Of course they say, well, okay, if you make it optional, most people who engage in this behavior are not gonna turn on that filter. So there are a lot of practical challenges in how you would actually do this, but some ideas were, you know, creating filters for toxic or polarizing content, using credibility ratings on accounts to discourage the sharing of misinformation, and hence promote the sharing of accurate information. Maybe getting rid of the ad model. That's a huge problem. But then you get initiatives like asking people to pay $8 for a blue tick, right? And so, you know, there's been a lot of people who really don't want to pay for social media. And so that's another factor. If they're not gonna have ads and engagement, then how are they gonna make money?

And so I think there is a solution but it's definitely not going to be an easy one. Of course, in theoretical terms, the easy answer is incentivize for accuracy, which is also what I wrote about in the book. And some ways to do that are, leveraging reputational concerns using filters, down-ranking unreliable content. Here's something more controversial. There are research studies that showed that de-platforming super spreaders really works wonderfully in reducing content. Which, you know, there are big differences in Europe and the United States about how comfortable people are about de-platforming and limiting speech.

Personally I think there are side effects. So I do think that if you look at the de-platforming of Trump, for example, misinformation on Twitter did go down. I mean, research studies show that. But then he sets up his own social network and now you have a whole group of people who are perhaps more radical than they would've been if they had stayed on Twitter. So is de-platforming the ultimate solution? It's not an easy answer.

And so I think a lot of people want to protect freedom of speech and use softer measures. But I think at the end of the day, regulation obviously is going to play a role in holding social media accountable. But yeah, you can say a lot, you know, fines, but, you know they pay the fines, right? Germany has a law against this sort of stuff and they just pay the fines because it's nothing to them. And so what kind of regulation would facilitate better social media?
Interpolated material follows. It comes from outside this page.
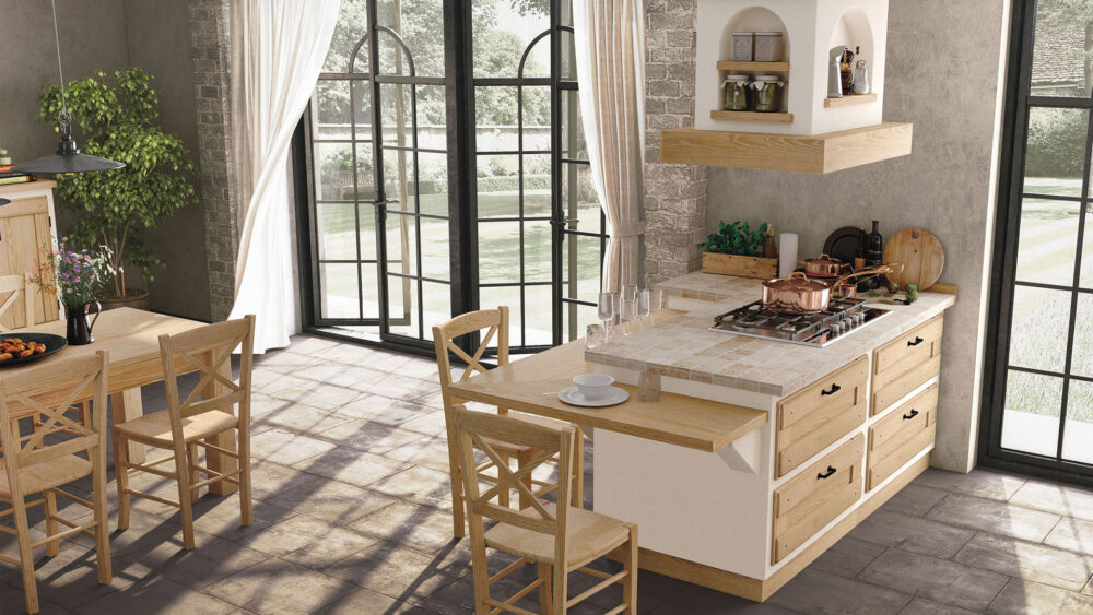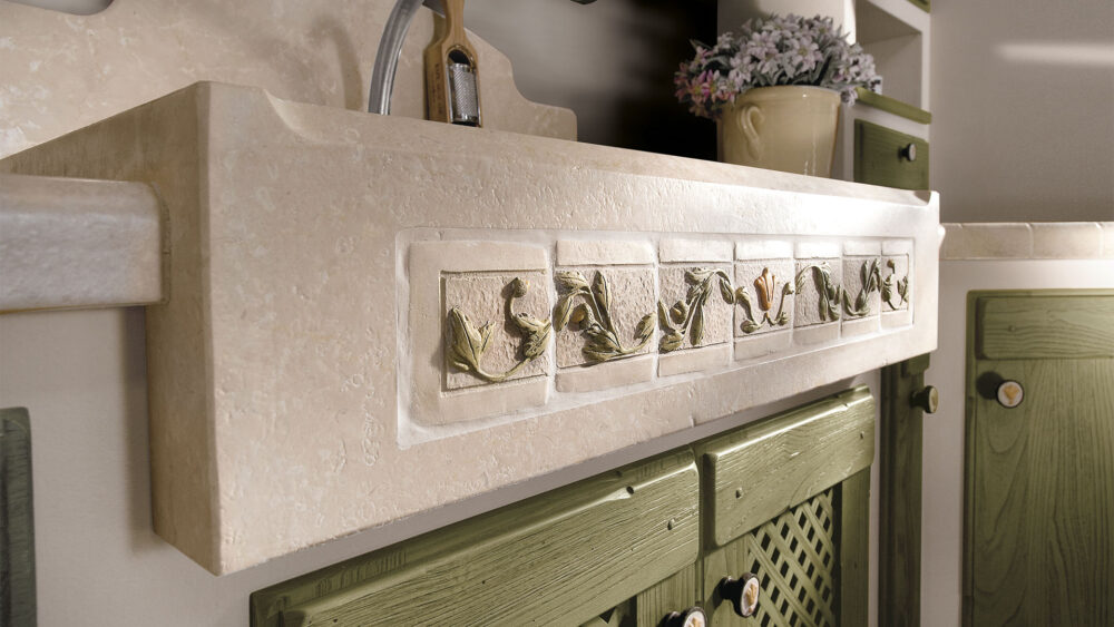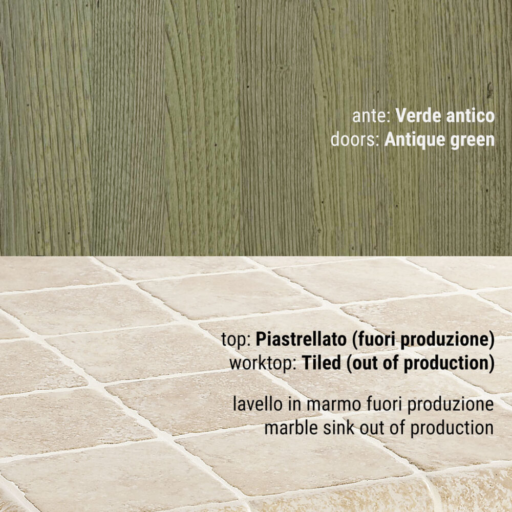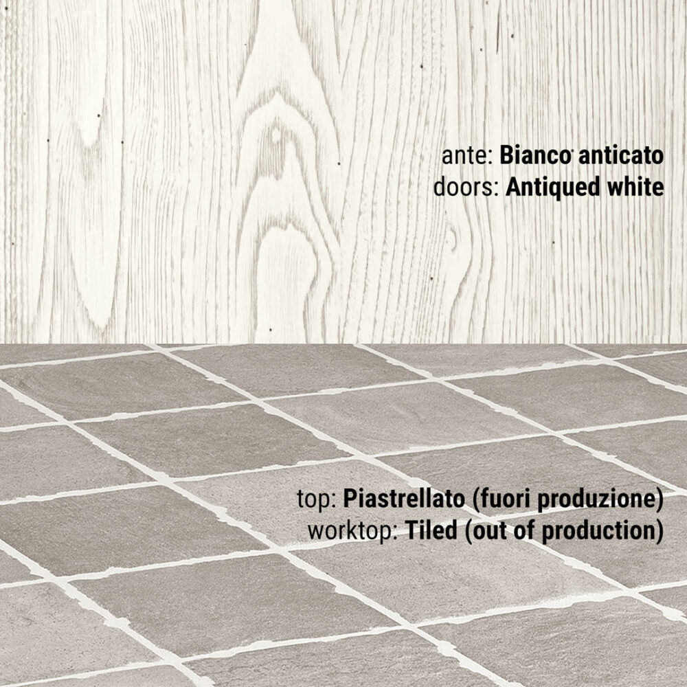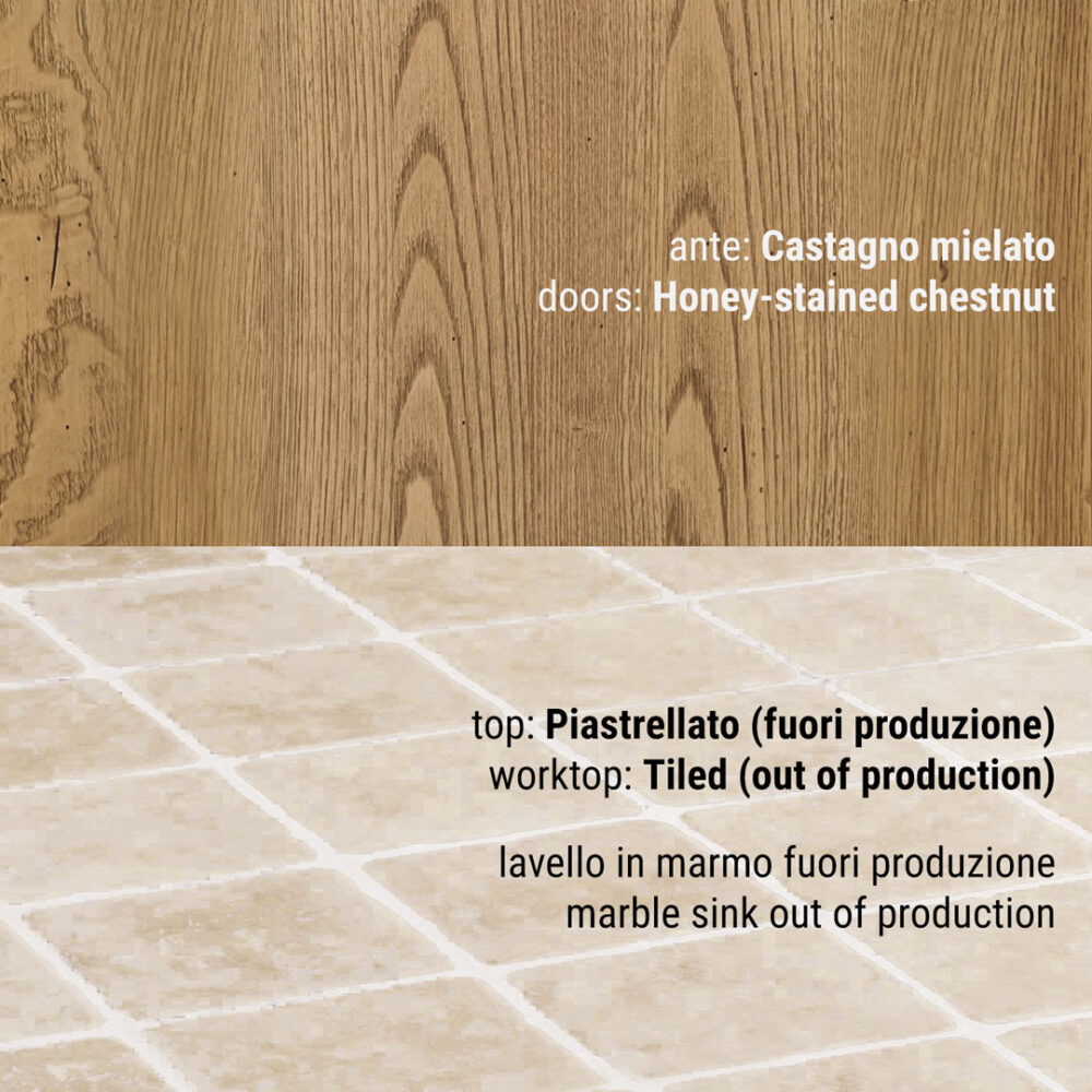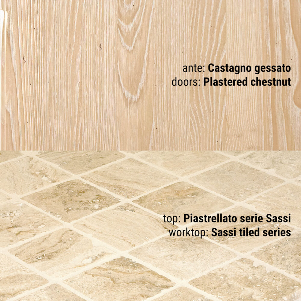 Piano piastrellato: pannello di compensato in legno di abete conforme allo standard E1 (a bassa emissione di formaldeide) sp 30 mm decorato con ceramica o pietra naturale sp 10mm. La posa del decorativo viene effettuata con l’utilizzo di silicone polimerico trasparente. La sigillatura della fughe è eseguita con un prodotto epossidico bi-componente impermeabile, batteriostatico, funghi statico, resistente all’abrasione, agli acidi e antimacchia. Il tutto viene trattato con un protettivo antimacchia per pietra e gres porcellanato. Per i piani di lavoro in altri materiali vedi notizie utili.

I will say, when I first learned about social media when I was younger, I thought it was a great idea. Connecting people all around the world, right? I think there is huge potential in social media. We've just now gone down a path that's not at all I think what people had hoped for. Maybe what even the creators had had in mind. And we need a better model. So that's, that's for sure. I'll stop talking there because you know, I don't have the ultimate answer, but just some ideas.

20:21: Grace Lovins:

Okay. It looks like we're out of time for today. We've been talking to Dr. Sander van der Linden, director of the Cambridge Social Decision Making Lab at the University of Cambridge, and author of Foolproof: Why Misinformation Infects Our Minds in How to Build Immunity. Dr. van der Linden, thanks so much for joining us today and we do hope to see you again soon.

20:39: Dr. Sander van der Linden:

Perfect. Yeah, I look forward to it, and thanks again. Very nice meeting you all.